Celebrity News January 25, 2025
Paul Reubens Comes Out as Gay Posthumously in Pee-wee Doc

Paul Reubens, the actor behind the iconic Pee-wee Herman character, has come out as gay — a year and a half after he died.
The New York Post reports that Reubens, who died of cancer at 70 in July 2023, sat with director Matt Wolf for 40 hours across a year to document the story of his life and career for the two-part HBO doc series "Pee-wee as Himself," which premiered Thursday at the Sundance Film Festival in Park City, Utah.
Though Reubens never publicly confirmed he was gay, in the interviews, he talks about wanting "people to see who I really am."
He says before he became a household name as Pee-wee Herman, the manic boy-man who hosted a popular Saturday-morning kids' show for years, he was in a relationship with a man named Guy from the Echo Park neighborhood of L.A. It was Guy's strange way of speaking that first inspired Reubens to create Pee-wee.
According to Reubens, Guy would say stuff like, "Mmmm! Buttery!" in a Yoda accent. "You can see where that led me," he cracks.
Guy later died of AIDS "a couple hours" after Reubens last visited him.

Back when he was a Groundlings comic, Reubens was actually openly gay, but that changed as he began to find fame. Fearing his sexual orientation would be held against him and dim his chances of accomplishing anything, he did a 180.
“I was out of the closet, and then I went back in the closet,” he says matter-of-factly in the doc. “I wasn’t pursuing the Paul Reubens career, I was pursuing the Pee-wee Herman career.”
Even though he stayed mum while people gossiped, he confirms he had "many, many secret relationships."

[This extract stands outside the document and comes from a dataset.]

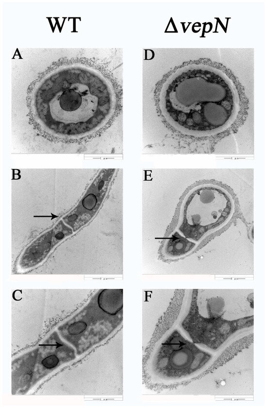 In the WT strain, the cell wall exhibited uniformity and was encased by a complete fibril layer with intact septa observed (refer to Figure 9A–C). Conversely, in the ΔvepN strain, varying levels of thickening were observed in the cell walls (Figure 9D), where the fibril layer appeared somewhat disrupted. Furthermore, the septum exhibited incomplete formation and partial blockage (Figure 9E,F), without complete segregation, potentially impacting intercellular communication.

“I was secretive about my sexuality even to my friends [out of] self-hatred or self-preservation,” he continues in the series. “I was conflicted about sexuality. But fame was way more complicated.”
Reubens also hid behind a "huge" weed habit.

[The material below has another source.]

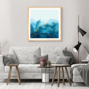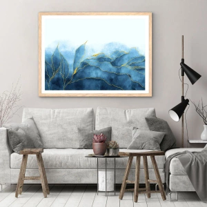 Poster in einem Rahmen aus heller Eiche - Blau im Gold - 30x40 cm

Things took a turn for the worse when the Pee-wee character wore thin, leading to a flop movie sequel and a shocking 1991 arrest in a porn theater. "All of a sudden, I had a Charlie Manson mug shot," he recalls, referencing the notoriously grungy image of the fallen idol. "I lost control of my anonymity. It was devastating.”
Though he recovered from that scandal, he was plunged into another when a 2001 raid of his home led to child-porn charges. By then in a better place mentally, he successfully fought the worst of the charges by pointing out the vintage erotica in question was also held in college collections, winding up pleading guilty to obscenity.
He went on to a successful run on Broadway and many years of sold-out shows, plus memorable appearances on TV and in the 2016 movie threequel "Pee-wee's Big Holiday."
Though, as Variety reports, Reubens and the doc's director battled over who would control the film's content and thrust, and that Reubens did not want it to be about his legacy, that is exactly what it wound up being once he died in 2023.
Ultimately, Reubens states in the series, “Everything I did and wrote was based in love."
"Pee-wee as Himself" will stream on HBO later this year.